Material to process:

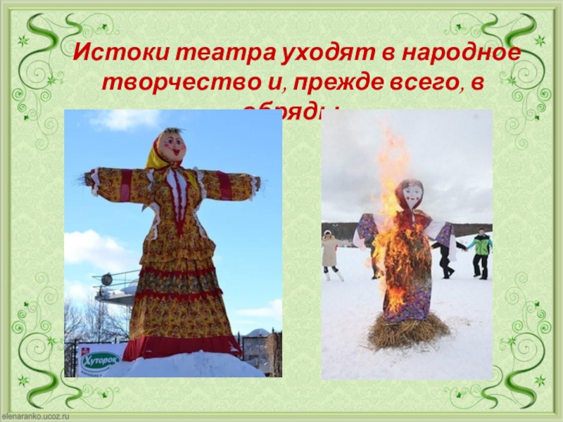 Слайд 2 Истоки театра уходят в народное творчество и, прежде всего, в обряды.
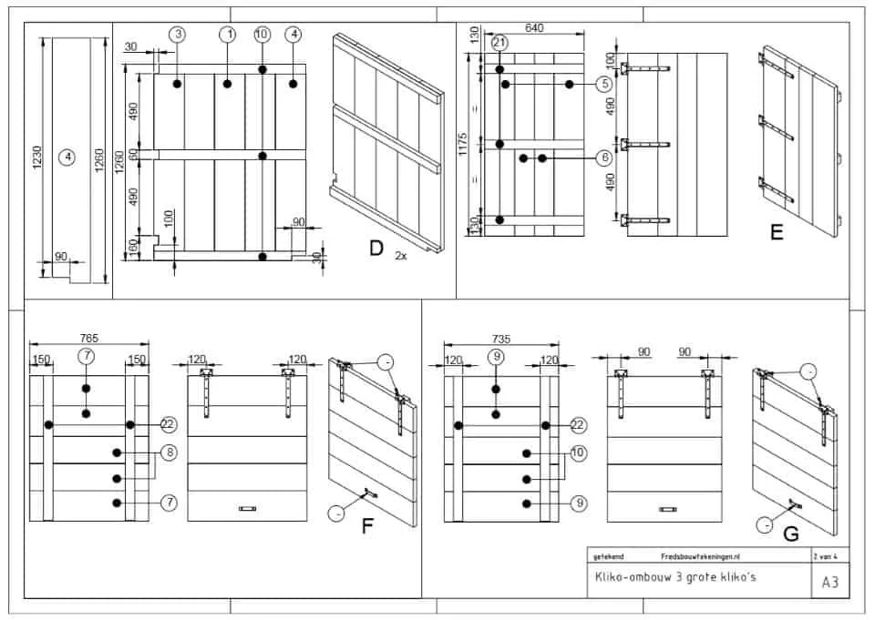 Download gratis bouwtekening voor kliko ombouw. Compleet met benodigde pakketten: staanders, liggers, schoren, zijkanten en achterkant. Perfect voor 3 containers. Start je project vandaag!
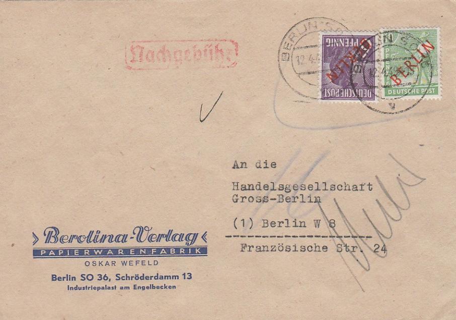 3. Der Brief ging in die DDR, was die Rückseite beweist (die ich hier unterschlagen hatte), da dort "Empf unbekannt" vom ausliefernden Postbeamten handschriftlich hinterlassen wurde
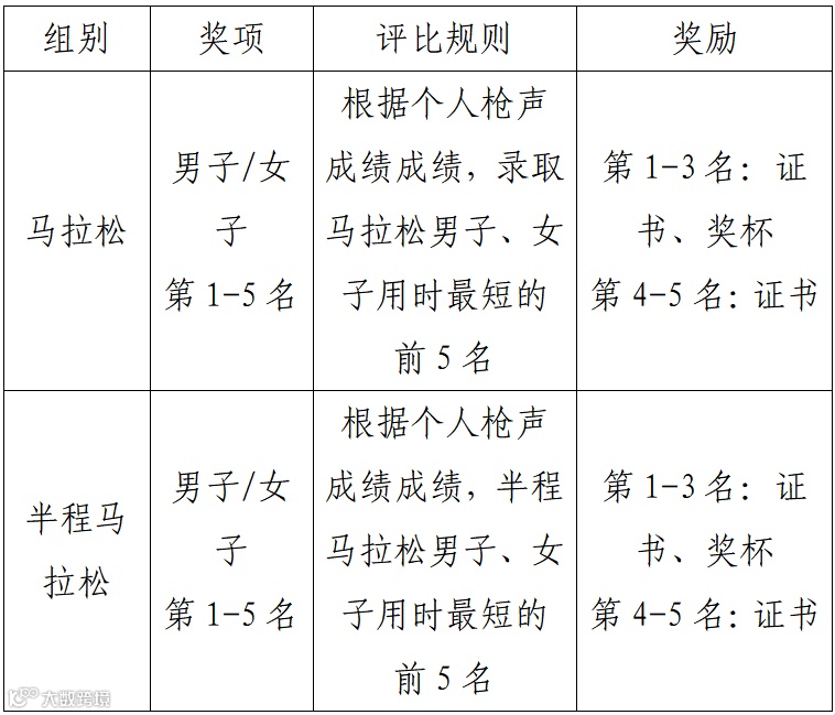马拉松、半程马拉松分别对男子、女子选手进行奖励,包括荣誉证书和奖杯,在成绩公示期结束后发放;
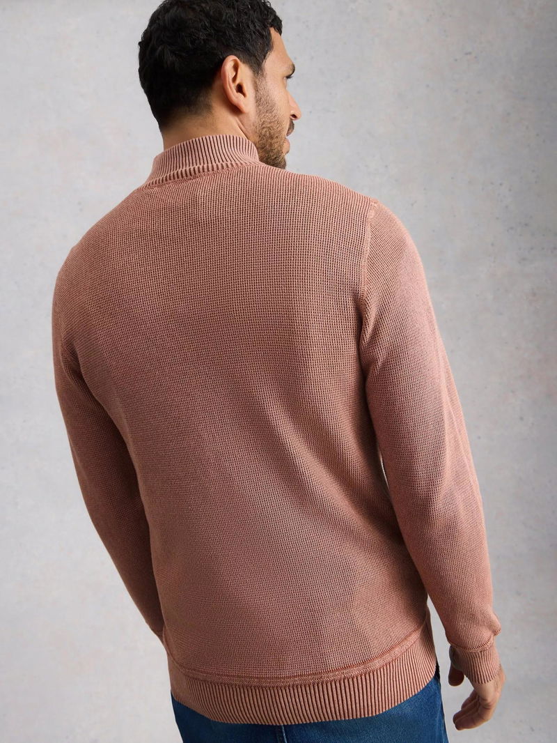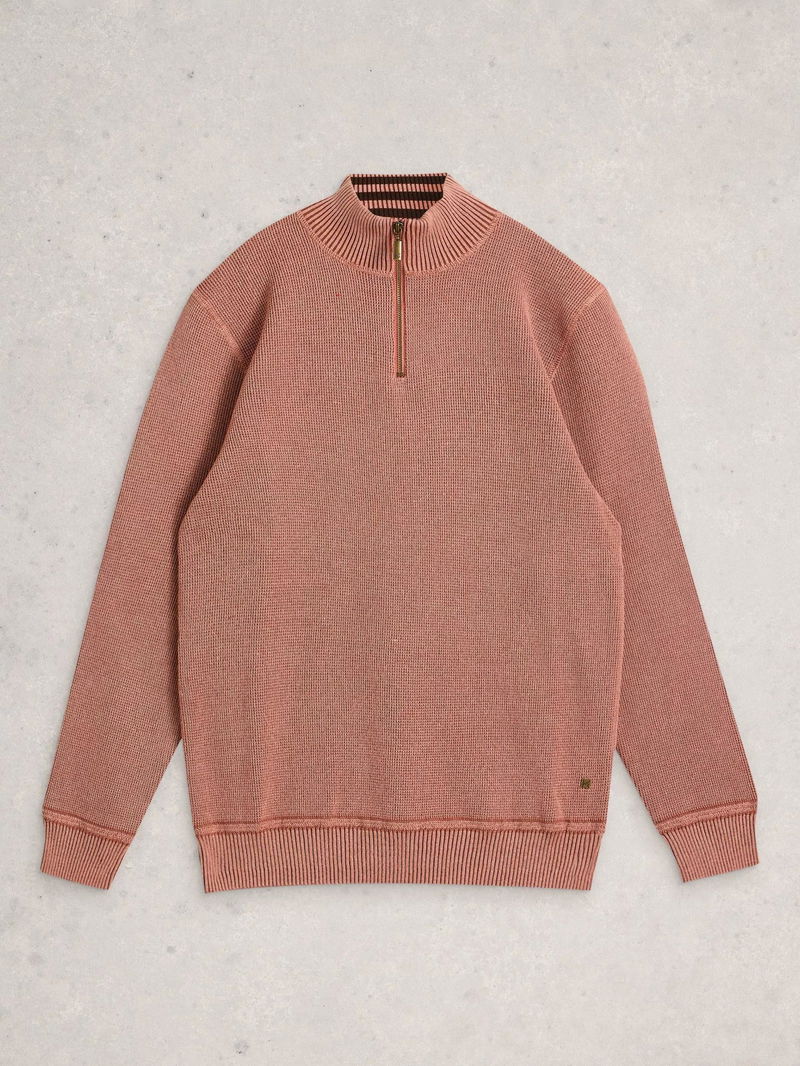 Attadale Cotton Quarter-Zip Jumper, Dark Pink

Directions: Using the listing above, copy every line from the line containing "马拉松、半程马拉松分别对男子" through the last one, both included, and no other lines. Pictures stay out.

Exercise answer:
马拉松、半程马拉松分别对男子、女子选手进行奖励,包括荣誉证书和奖杯,在成绩公示期结束后发放;
 Attadale Cotton Quarter-Zip Jumper, Dark Pink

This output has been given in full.